The purpose of the lab is to use JMP to obtain confidence intervals and p-values from hypothesis tests.
Lab Procedures
A subliminal message is below our threshold of awareness but may influence our behavior. Can subliminal messages affect the way students learn math? A group of students who had failed the mathematics part of the City of New York Skills Assessment Test agreed to participate in a study of this question. The data were originally collected in a study by John Hudesman, and the study is described in Moore (2000, p. 400).
All students received a daily subliminal message flashed on a screen too rapidly to be read consciously. The students were randomly assigned to receive one of two messages. The treatment group received the message, "Each day I am getting better in math." The control group received the neutral message, "People are walking on the street." All students in both groups took a pre-test, went to a summer math skills program, and then took a post-test.
This is a study involving inferences for the difference in means of separate groups. It's not matched pairs because there are two separate groups: the students who got the subliminal message, and the students who got the neutral message. The data for the students' test scores are in the file subliminal (click here). People in the subliminal group have the code "T", and people in the neutral message group have the code "C".
Questions:
1a) (not handed in) In this problem, the
outcome variable is the improvement in test scores.
For each group, examine the distribution of improvement
scores. Do normal curves appear reasonable
descriptions of the distributions of improvement scores in
each group? You can get both normal curves on one
plot by using Analyze - Fit Y by X. Put
the continuous variable in the Y-box and the group variable
in the X-box. After running it, click on the red
arrow next to the "Oneway analysis...", and select
Normal Quantile Plot - Plot Actual by Quantile.
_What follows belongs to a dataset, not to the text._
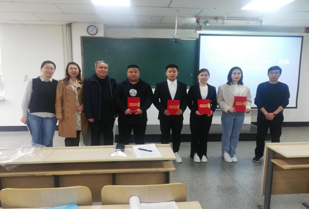 启动仪式第一项,由额尔敦格日乐老师宣布启动仪式开始,公布2020年在我院“互联网+”大学生创新创业大赛中获胜的优胜项目,并给各项目负责人颁发荣誉证书。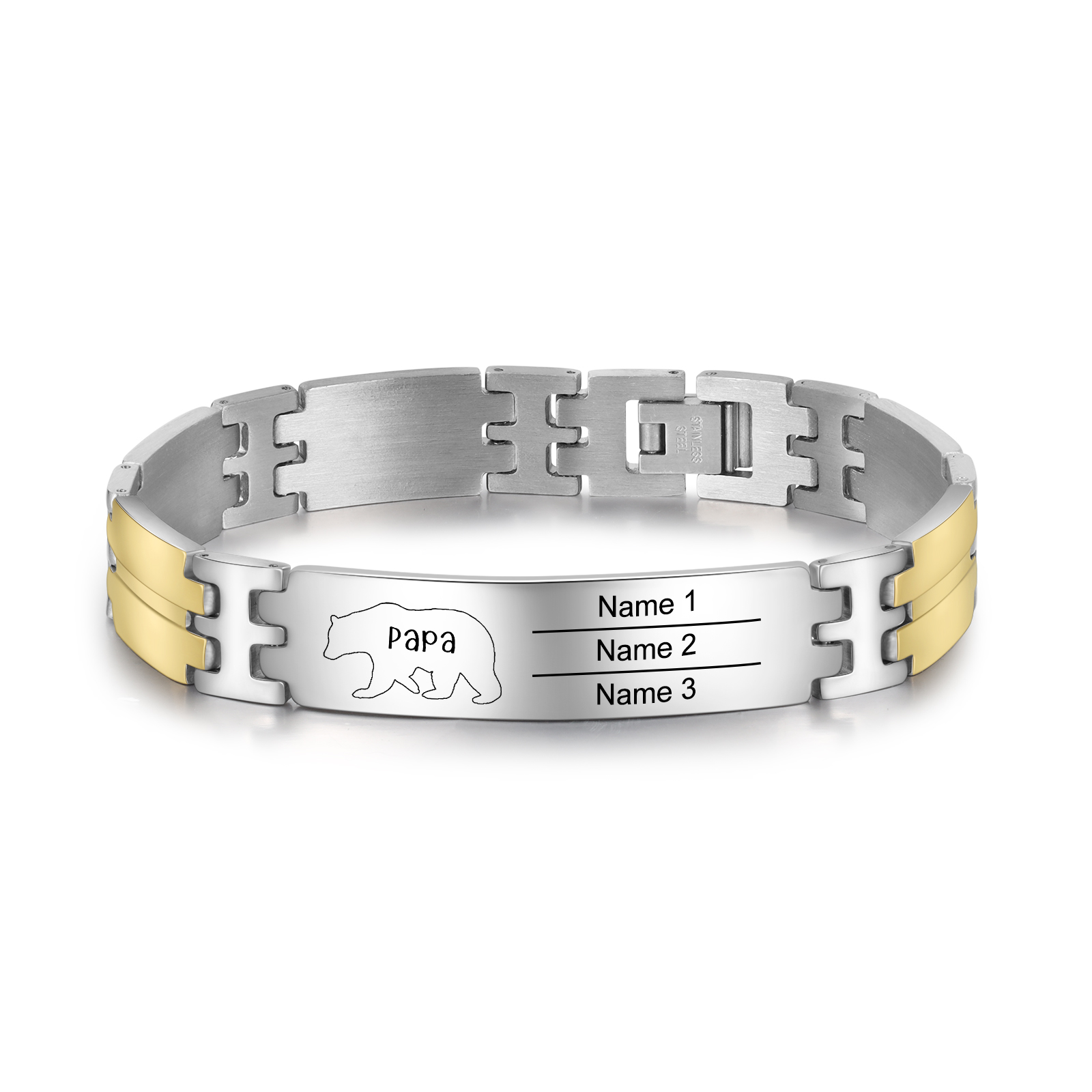 Personalized Papa Bear Bracelet Custom 3 Names Wristband ID Bar Bracelet for Dad

If the data in both groups roughly follow normal
curves, we can proceed with the significance test.
Otherwise, because the sample size is small, you have
to use methods that we have not learned in this course.
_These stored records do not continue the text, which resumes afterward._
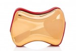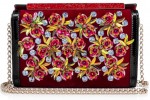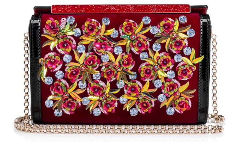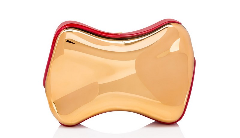 “Shoepeaks Clutch” is inspired by the imagination of the unparalleled David Lynch. Formed of two surreal “So Kate” silhouettes superposed on one another, this hard-bodied objet d’art moulds perfectly to your grip. Snaps closed with a delicate chain strap for optional shoulder wear. “Vanite Small Clutch” is an evening gem. This embellished hard-bodied case is finished with an opulent Loubi red crystal clasp bar. As Loubouting suggests, “carry as a clutch or on the shoulder with the optional chain strap.”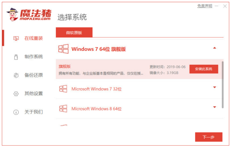 1、先在电脑上下载安装并点击打开魔法猪,选择在线重装系统,选择需要重装的win7系统,点击安装此系统。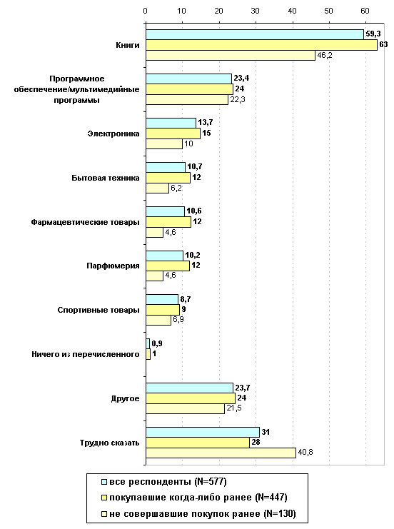 Несколько слов о методике. исследование проводилось с использованием метода web-опроса. На сайтах сетевых магазинов вывешивалось приглашение принять участие в исследовании, адресованное посетителям магазинов. приглашение располагалось на стартовой странице при входе в интернет-магазин и на странице заказа товара, сама анкета располагалась на корпоративном сайте Gallup SPb (www.gallup.spb.ru). В исследовании приняло участие 577 респондентов.

1b) (handed in) The researchers claim
that the positive subliminal message improves test
scores. Test their claim using the change in test
score (post-test score - pre-testscore) for the subliminal
and neutral message groups. Write your hypotheses,
the value of the test statistic (show the
numerator and denominator that go into the test
statistic), the p-value, and your
conclusions. You can pick off the
appropriate values for the means and standard errors
by clicking on the red arrow next to "Oneway
analysis..." and selecting Means and Std Dev.
Use a one-sided alternative hypothesis.
To run a hypothesis test for the difference of two
means in JMP, use Analyze - Fit Y by X,
inputting the continuous variable in the Y-box and the
group variable in the X-box. After running it, go to
the red arrow next to the "Oneway analysis..." Then
select t-Test. The output shows the
mean, the SE for the difference in means, the upper and
lower limits of a 95% confidence interval, the value of the
test statistics ("t-ratio"), the degrees of freedom for the
t-distribution, and the p-values for the tests of different
hypotheses. As before, Prob >
|t| is the p-value when the alternative is
two-sided; 2) Prob > t is the p-value when
the alternative has a > sign in it;
and, 3) Prob < t is the p-value when the
alternative has a < sign in it. The
graph displays the location of the test statistic on the
t-curve.
2. Give a 90% confidence
interval for the difference in average improvement when
viewing the positive subliminal message versus when viewing
the neutral message. Use the degrees of freedom given
in the t-test output as the multiplier.
Explain in one sentence what this confidence interval
tells you about the effectiveness of the subliminal message
versus the neutral message.
COMMENTS ON THIS PROBLEM:
These conclusions are valid
for the subject material, message, and student populations
in this study. However, they may not generalize to other
subject material, messages, or other populations.
Additional studies involving other subject material,
other messages, and other populations are needed before we
can feel secure with broad generalizations.
Reference:
Moore, D. The Basic Practice of Statistics. New
York: W.H. Freeman and Company, 2000.